Christmas is my least favorite holiday. In fact, I really don’t like it so it can’t even be on a list of favorites. I go through the whole mess of decorating and shopping and baking and blah, blah, blah. The state of the world, of the economy, the environment…it all just didn’t seem very merry. It’s been seeping away for years, but this year…Christmas spirit lost. Probably for good.
December did bring with it some good news. Our friends from Sanger, TX who own a construction company began doing work for Eric in Arizona. We’ve been able to spend some great time with them and it looks like they will be doing business here for a while. We’re so happy to have the opportunity to keep making memories with them. Our loss was only temporary. Friends found.
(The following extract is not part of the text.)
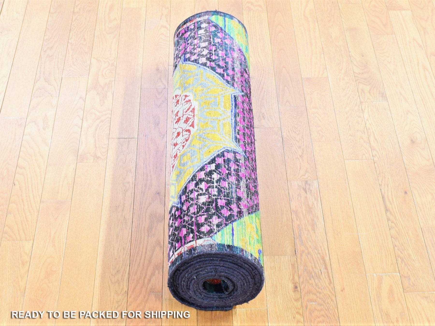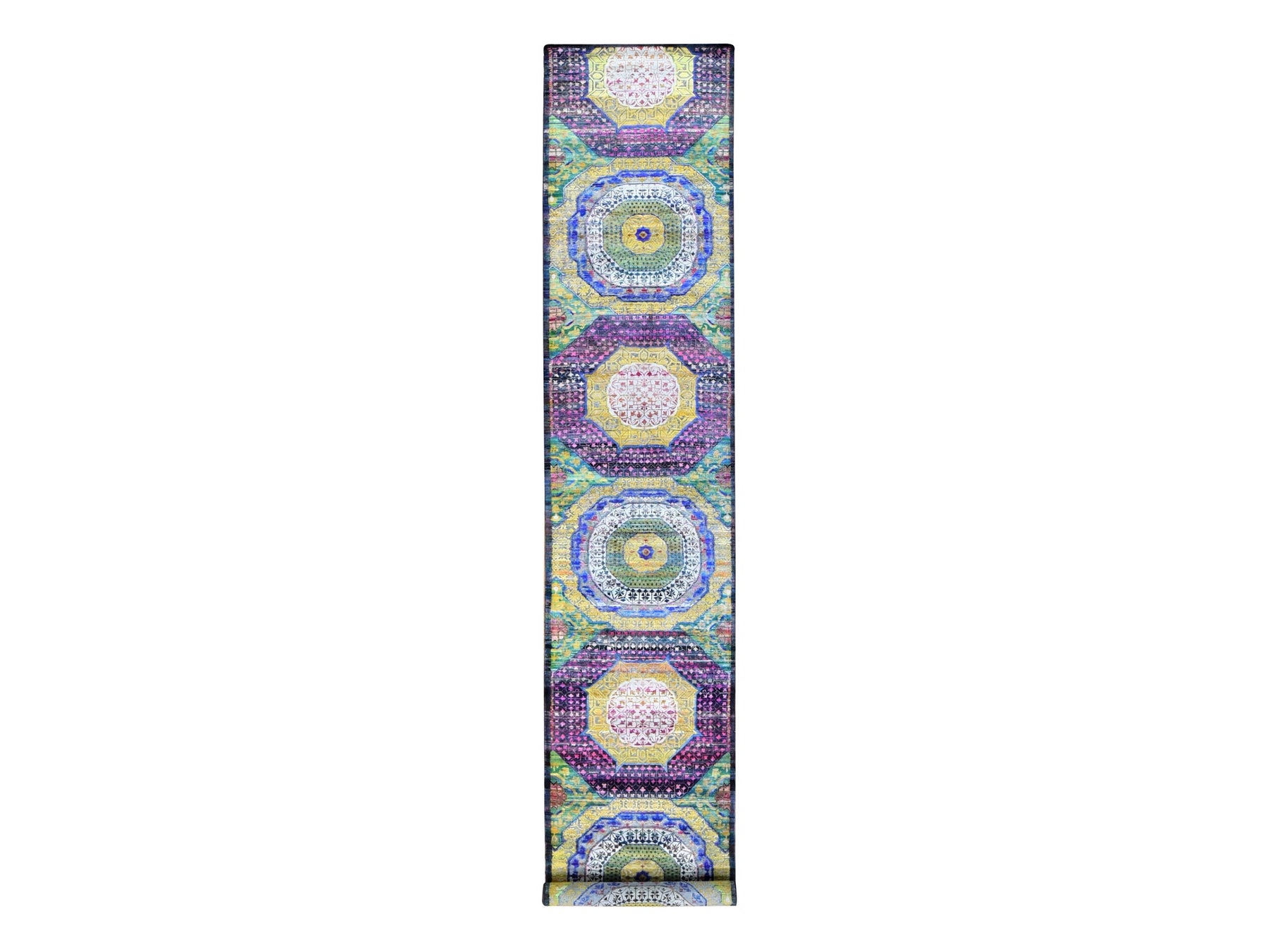 3'1" x 17'4" New Hand Knotted Green Sari Silk Runner Oriental Rug - MOA10280244

2008 also saw the loss of fifty percent of our retirement account. One of our credit card companies sent a letter informing us they were no longer in the business of credit. (However, please go ahead and pay your balance, thank you.) We’ve seen friends and neighbors lose their jobs and homes. We’ve watched politicians lose their freaking minds. We’ve watched the loss of life around the world and continue to watch in horror and sorrow at the escalation.
Personally, I feel like I have found a sense, at least somewhat, of renewed hope. I have great hope for our new president and for our country. I have also found that I am resilient. Not always without some complaining, but nonetheless, I can and do bounce back. I found that even when life-altering events happen, life really doesn’t change that much. I still have my sweet husband, my children, my health and friends and family who care about me and who I care about even though we’re thousands of miles apart. That’s not too shabby. I’d say I’m a pretty lucky girl.